Ce n’était pas la réunion de la dernière chance, puisque le sort de Blagnac était déjà scellé. Un peu plus d’une heure après sa prise de parole, le président Luc Vignolles n’a fait que confirmer ce que nous annoncions dès hier. Blagnac va bel et bien déposer le bilan. Un immense gâchis. Mathieu Vachon, capitaine du Blagnac Rugby a accepté de répondre à nos questions…
Les espoirs du club avaient été prévenus la veille, le groupe séniors l’a été hier. « L’abattement général a succédé à la sidération » nous confiait un membre du club, qui poursuit : « On avait entendu des rumeurs depuis quelques temps, mais imaginer une telle situation, non, car les chiffres avancés sont énormes ! ». On parle en effet d’un trou d’un million d’euros. Colossal, surtout sur un budget prévisionnel fixé à 3 millions.
Mais comment en est-on arrivé là ? Les réponses qui nous parviennent font état d’un premier déficit au moment de la repise du club en juillet dernier (voir notre article d’hier), mais comblé par la nouvelle équipe dirigeante. Cette dernière aurait ensuite décidé d’augmenter le budget global pour viser la Pro D2 à court terme. Le tout, après avoir augmenté de manière substantielle les salaires des joueurs. « Les dépenses de réaménagement des vestiaires, de la terrasse à côté de la tribune principale laissaient à penser que le club se structurait de plus en plus » nous glisse un autre membre du club.
Or, certains partenaires ne se seraient pas engagés, ou pas à hauteur de ce qui était escompté. La situation financière est donc devenue intenable, le trou comblé en juillet, s’est alors transformé en gouffre quelques mois plus tard. Les différents témoignages recueillis font état d’une réunion durant laquelle le président Vignolles visiblement résigné, ne s’est que très peu exprimé. A l’inverse, Matthieu Vachon, capitaine emblématique des Caouecs, a pris la parole, et de fort belle manière. Il se confie également, et nous l’en remercions, pour RugbyAmateur, à la fin de cet article.
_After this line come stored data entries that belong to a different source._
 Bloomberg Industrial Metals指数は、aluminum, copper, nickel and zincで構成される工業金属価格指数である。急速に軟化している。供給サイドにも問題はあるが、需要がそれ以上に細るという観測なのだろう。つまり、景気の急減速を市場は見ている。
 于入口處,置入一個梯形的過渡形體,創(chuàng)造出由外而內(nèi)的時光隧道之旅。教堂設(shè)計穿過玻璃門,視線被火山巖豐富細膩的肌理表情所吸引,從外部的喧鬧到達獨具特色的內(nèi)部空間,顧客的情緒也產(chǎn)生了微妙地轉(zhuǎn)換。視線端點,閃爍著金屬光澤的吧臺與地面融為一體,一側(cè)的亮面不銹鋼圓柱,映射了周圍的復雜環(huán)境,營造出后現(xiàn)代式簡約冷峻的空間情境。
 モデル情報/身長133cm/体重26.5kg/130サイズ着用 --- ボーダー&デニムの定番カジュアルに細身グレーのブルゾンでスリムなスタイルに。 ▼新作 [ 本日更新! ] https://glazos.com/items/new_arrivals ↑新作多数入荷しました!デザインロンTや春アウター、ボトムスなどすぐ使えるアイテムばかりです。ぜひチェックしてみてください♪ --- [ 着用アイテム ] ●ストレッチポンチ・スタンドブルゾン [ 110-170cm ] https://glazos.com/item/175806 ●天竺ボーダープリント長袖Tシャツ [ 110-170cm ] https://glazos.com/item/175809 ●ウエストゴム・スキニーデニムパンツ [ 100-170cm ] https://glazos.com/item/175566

60 emplois vont disparaître
Le club va se mettre en cessation de paiements, précédant la liquidation judiciaire. Les conséquences ? Les joueurs, qui pour la plupart, sont pluriactifs, n’auraient pas été payés en janvier. C’est un moindre mal, mais les « salaires » perçus par leur activité rugbystique s’évanouissent en une soirée. Sportivement, ils se retrouvent sans club à compter d’aujourd’hui. Ils peuvent rebondir dans d’autres clubs de Nationale, Nationale 2, voire de Fédérale 1, qui peuvent dans ces conditions spécifiques, recruter quatre joueurs supplémentaires. On peut imaginer que les premières et deuxièmes lignes auront plus de chance d’être recrutés rapidement. Pour les autres, il faudra peut être attendre le début de la prochaine saison.
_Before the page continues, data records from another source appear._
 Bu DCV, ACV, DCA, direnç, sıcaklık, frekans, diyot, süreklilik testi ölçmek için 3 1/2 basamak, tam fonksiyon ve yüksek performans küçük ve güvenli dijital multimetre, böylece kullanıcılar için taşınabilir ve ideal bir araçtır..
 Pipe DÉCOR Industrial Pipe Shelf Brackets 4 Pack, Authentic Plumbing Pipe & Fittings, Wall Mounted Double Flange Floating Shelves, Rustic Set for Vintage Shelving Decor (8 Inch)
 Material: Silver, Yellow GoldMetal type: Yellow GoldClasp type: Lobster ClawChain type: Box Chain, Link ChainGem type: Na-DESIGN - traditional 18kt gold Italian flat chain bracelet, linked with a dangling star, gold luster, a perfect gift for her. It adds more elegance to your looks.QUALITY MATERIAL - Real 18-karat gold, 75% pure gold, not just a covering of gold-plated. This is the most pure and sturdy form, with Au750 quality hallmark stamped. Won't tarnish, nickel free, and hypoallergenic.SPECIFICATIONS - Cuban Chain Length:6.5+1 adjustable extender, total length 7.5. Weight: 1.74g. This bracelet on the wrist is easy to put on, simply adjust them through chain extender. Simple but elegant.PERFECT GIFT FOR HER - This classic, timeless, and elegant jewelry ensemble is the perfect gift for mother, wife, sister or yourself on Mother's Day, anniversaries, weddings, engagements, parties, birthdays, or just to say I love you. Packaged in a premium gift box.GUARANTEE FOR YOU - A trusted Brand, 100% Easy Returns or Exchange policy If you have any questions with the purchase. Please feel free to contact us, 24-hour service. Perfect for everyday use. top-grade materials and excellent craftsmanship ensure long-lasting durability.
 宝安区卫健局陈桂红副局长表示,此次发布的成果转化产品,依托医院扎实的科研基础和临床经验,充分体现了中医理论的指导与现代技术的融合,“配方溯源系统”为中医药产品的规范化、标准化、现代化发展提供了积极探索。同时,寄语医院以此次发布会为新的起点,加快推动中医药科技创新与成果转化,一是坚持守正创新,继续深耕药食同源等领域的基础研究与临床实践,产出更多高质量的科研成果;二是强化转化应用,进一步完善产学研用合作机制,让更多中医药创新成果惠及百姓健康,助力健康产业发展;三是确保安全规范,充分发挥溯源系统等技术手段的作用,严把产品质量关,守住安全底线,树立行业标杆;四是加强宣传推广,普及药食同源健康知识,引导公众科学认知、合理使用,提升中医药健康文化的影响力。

La SAS va donc disparaître, tout comme 60 emplois, entre les joueurs, les dirigeants et autres salariés administratifs. Mais cette liquidation, qui n’affecte pas la partie féminine (indépendante), ni la section jeunes, permettra de repartir (au mieux) en fédérale 1, mais probablement en fédérale 2, ce qui vient d’être annoncé dans le communiqué ci-dessous :
Le demi-finaliste de la dernière saison de Nationale, actuellement 9ème, disparait donc des radars, et ne se déplacera pas à Carcassonne, vaincu à l’aller, pour la prochaine journée de championnat. C’est avant tout la tristesse qui prédomine, quand on pense à ce club centenaire, qui a sorti des grands joueurs comme Christophe Deylaud, Maxime Médard ou plus récemment Dimitri Delibes, pour les plus connus.
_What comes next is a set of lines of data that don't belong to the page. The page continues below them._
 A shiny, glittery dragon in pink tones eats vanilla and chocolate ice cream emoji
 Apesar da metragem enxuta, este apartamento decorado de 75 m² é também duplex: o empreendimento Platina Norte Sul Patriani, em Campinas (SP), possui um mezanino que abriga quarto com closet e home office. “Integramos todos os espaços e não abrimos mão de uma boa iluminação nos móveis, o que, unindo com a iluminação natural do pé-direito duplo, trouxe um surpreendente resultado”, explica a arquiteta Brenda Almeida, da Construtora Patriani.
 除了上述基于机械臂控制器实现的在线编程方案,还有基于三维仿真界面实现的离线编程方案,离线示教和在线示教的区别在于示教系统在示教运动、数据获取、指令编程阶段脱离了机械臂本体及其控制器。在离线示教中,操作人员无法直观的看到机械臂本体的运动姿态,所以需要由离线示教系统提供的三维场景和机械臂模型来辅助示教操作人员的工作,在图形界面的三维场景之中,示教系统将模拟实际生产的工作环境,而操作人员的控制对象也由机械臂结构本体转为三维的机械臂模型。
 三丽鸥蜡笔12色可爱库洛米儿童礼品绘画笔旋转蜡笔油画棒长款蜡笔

Sans oublier tous les autres, qui ont fait le bonheur du 3ème club haut-garonnais, derrière le Stade Toulousain et Colomiers. A commencer par Mathieu Vachon, pur produit caouec passé par toutes les équipes, avant de devenir le capitaine de l’équipe fanion. Ce dernier nous a accordé un entretien exclusif.
Matthieu Vachon, quand est-ce que vous avez appris les difficultés financières du club ?
M.V. : Les premiers échos remontent à décembre. Je travaille pour une société partenaire du club, j’entendais des rumeurs, qui enflaient, sur des difficultés. Mais j’étais très loin d’imaginer le cataclysme de ces derniers jours. La première fois que j’ai entendu parler de dépôt de bilan, c’est courant janvier.
Quelle a été votre réaction ?
Je n’y croyais pas. On se dit que l’on va forcément trouver une solution. Les difficultés financières à Blagnac, on vit avec depuis longtemps, il n’ y a jamais eu un mécène ou d’investisseurs pour mettre le club à l’abri. Ma réaction ? Je crois que j’étais dans le déni au début, on ne veut pas y croire, un peu comme pour une rupture en couple en fait. J’étais dégouté, la tristesse arrive rapidement aussi. J’ai repassé tout mon parcours dans ce club, mon club. J’y ai tout donné, 12 ans de bons et loyaux services, 7 ans de capitanat, qui s’évaporent en un claquement de doigts.
On vous sent remonté aussi…
Comment ne pas l’être ? Oui, j’ai aussi de la colère en moi. Il y a des questions qui se posent : comment en est-on arrivé là, comment est-ce possible, après tout ce que nous avons construit sportivement… les réponses devront être claires. En ce sens, le dépôt de bilan va forcément nous apporter ces réponses…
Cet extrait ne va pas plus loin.